■ **Work to be completed**: Only text lines belong in the answer: the lines from the first one in the records through the line with "The rooms have", copied exactly.

*** Opening of Data excerpts ***

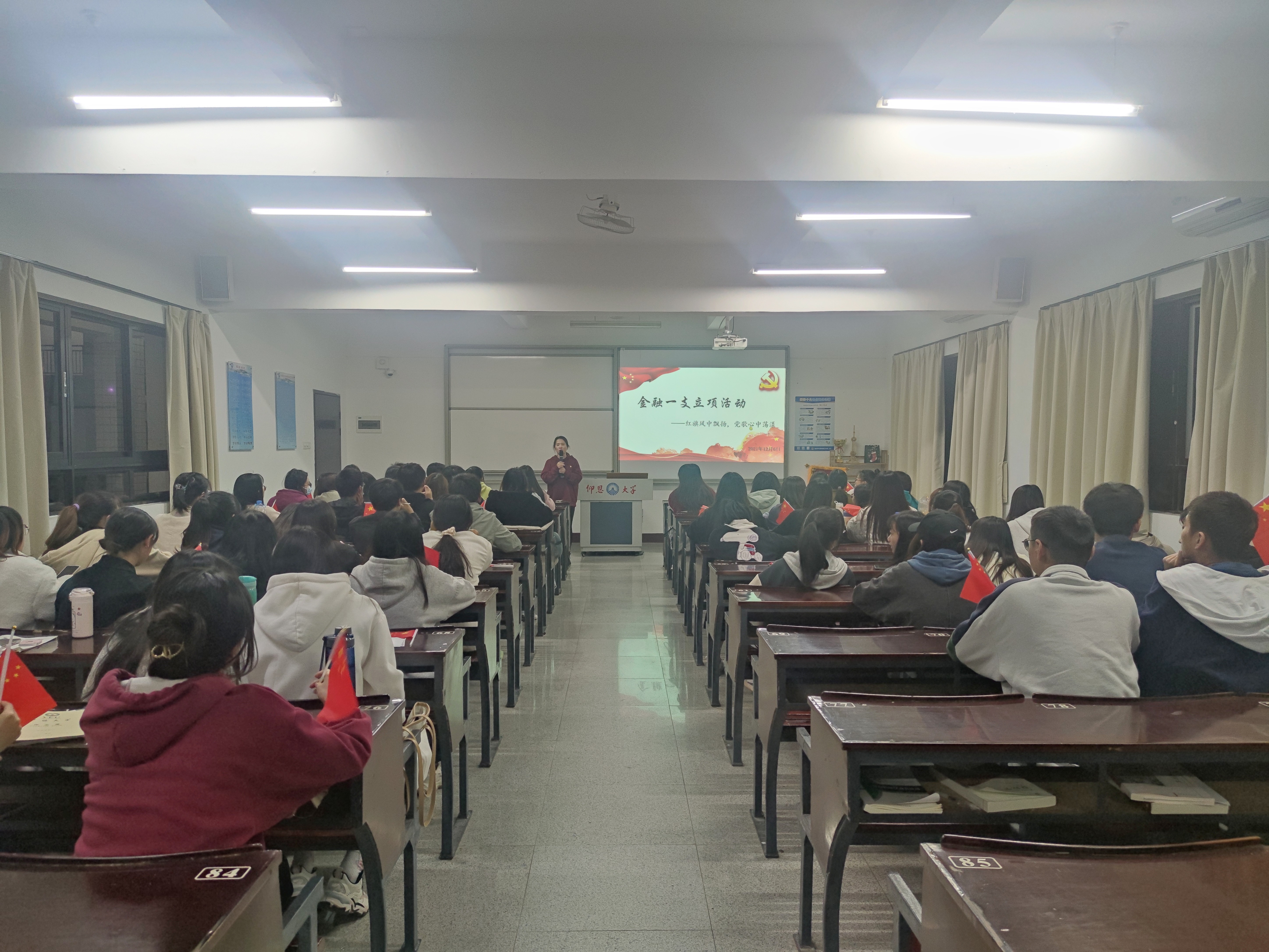 为深入推进党史学习教育,弘扬爱国主义精神,2021年12月6日晚上7:00,九游体育官网金融系学生第一党支部在仰恩楼B5-203开展“红旗风中飘扬,党歌心中荡漾”立项活动,重温党的艰辛历程,传承党的优良品质,弘扬共产党人的精神。此次活动的参与人员有支部书记何丽玲老师,全体党员、发展对象和19、20级积极分子代表。
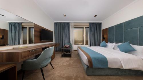 The rooms have air conditioning and a bathroom. Extra beds are available for a fee. In addition, there is a minibar and a work desk. Tea-coffee maker is also standard.included in the hardware. An ironing kit is available to provide added comfort to passengers. Little extras that will make for a pleasant stay include internet access, telephone and wireless internet connection. There are hair dryers and bathrobes in the bathrooms, ready for daily use. The hotel offers a total of 190 rooms to its guests. There are elevators on many floors. Among the services offered are a safety deposit box, a hotel safe and an ATM. Thanks to the wireless internet connection in the common areas, guests can communicate with the outside world (for free). Detailed information about excursion reservations is available at the tour registration desks. Various gastronomic services such as restaurants and cafes are provided. In addition, there is a garden within the property. The television room is among the additional facilities offered by the accommodation. Parking spaces are available (free of charge) for guests traveling by private vehicle, if needed. Other facilities provided include foreign language speaking staff, transfer service, room service, laundry and hairdresser.
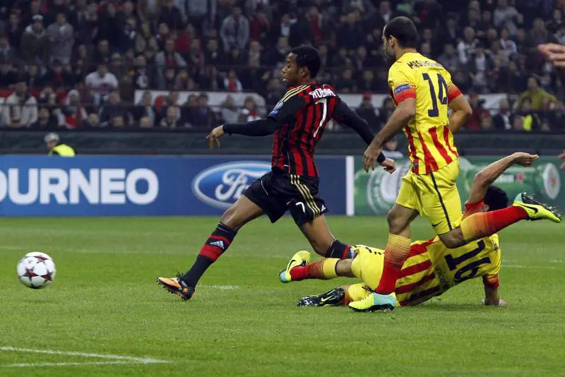 Il Milan ha coraggio, sfida il Barcellona aspettandolo nella sua metà campo, e poi riparte. Gioca alla pari insomma e pari sono nella frazione oltre che i gol anche le occasioni limpide, di Mexes e Sanchez replicate nella ripresa da Robinho e Iniesta, entrambi soli davanti ai portieri, uno scarabocchio in fotocopia. Qui comanda il Barcellona, secondo attese scontate, mentre il Milan deve attrezzarsi per non farsi mettere sotto. Robinho non è un centravanti, si arrangia, Birsa denuncia gravi limiti, di temperamento più che di mestiere, ma gli altri, tutti gli altri, si mettono al servizio della patria. Non mancano gli errori perché la zucca non può trasformarsi in carrozza di cristallo ma la feroce attenzione nelle marcature e il sacrificio sono segni evidenti nella notte. Anche Kakà, già proprio Kakà applaudito a scena aperta anche per un paio di recuperi difensivi, acclamato dalla curva e spolpato dopo un'ora di scatti a ripetizione quando si fa da parte e esausto e gratificato dalla prova esibita. L'ultimo quarto tocca a Mario Balotelli, arrivato dalla panchina a dare fisico e cuore a tutto il Milan, in soggezione a quel punto. La premiata ditta Iniesta-Xavi-Messi è una garanzia, Neymar si vede a intermittenza. Non mollano più il comando del gioco e del campo. Provano e riprovano a far saltare il banco, Adriano sbaglia un gol fatto, imitato più tardi da Muntari. Una combinazione di qua, una di là a dimostrazione che hanno gambe, voglia e fame fino in fondo. Senza la necessaria lucidità, naturalmente.
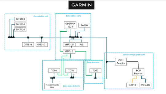 Die neue Konfiguration basiert auf einem vollständigen NMEA-2000-Netzwerk. Am Kartentisch zentralisiert ein GPSMAP 1223 (12-Zoll-Multifunktionsplotter) die Navigationsdaten. Er kommuniziert mit einer Windfahne und einem Windmesser GND10 und einer Sonde DST810 (Tiefe, Geschwindigkeit, Temperatur).
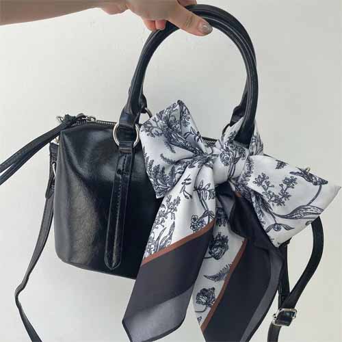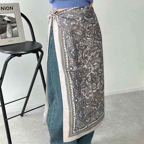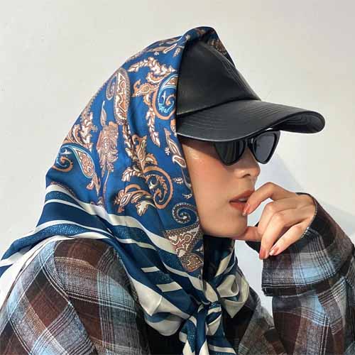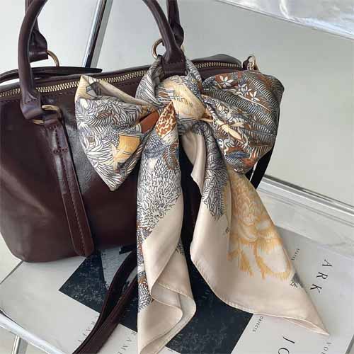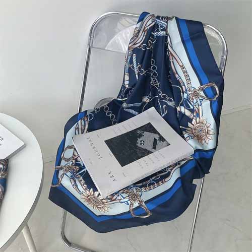 90cm×90cmの大判サイズで、首元・肩掛け・バッグアレンジなど幅広く使えます。ヴィンテージライクな風合いで一枚一枚に表情があり、ファッションだけでなくインテリアとして飾っても映えるデザインです。

*** Close of Data excerpts ***

■ **Exercise output**:
 为深入推进党史学习教育,弘扬爱国主义精神,2021年12月6日晚上7:00,九游体育官网金融系学生第一党支部在仰恩楼B5-203开展“红旗风中飘扬,党歌心中荡漾”立项活动,重温党的艰辛历程,传承党的优良品质,弘扬共产党人的精神。此次活动的参与人员有支部书记何丽玲老师,全体党员、发展对象和19、20级积极分子代表。
 The rooms have air conditioning and a bathroom. Extra beds are available for a fee. In addition, there is a minibar and a work desk. Tea-coffee maker is also standard.included in the hardware. An ironing kit is available to provide added comfort to passengers. Little extras that will make for a pleasant stay include internet access, telephone and wireless internet connection. There are hair dryers and bathrobes in the bathrooms, ready for daily use. The hotel offers a total of 190 rooms to its guests. There are elevators on many floors. Among the services offered are a safety deposit box, a hotel safe and an ATM. Thanks to the wireless internet connection in the common areas, guests can communicate with the outside world (for free). Detailed information about excursion reservations is available at the tour registration desks. Various gastronomic services such as restaurants and cafes are provided. In addition, there is a garden within the property. The television room is among the additional facilities offered by the accommodation. Parking spaces are available (free of charge) for guests traveling by private vehicle, if needed. Other facilities provided include foreign language speaking staff, transfer service, room service, laundry and hairdresser.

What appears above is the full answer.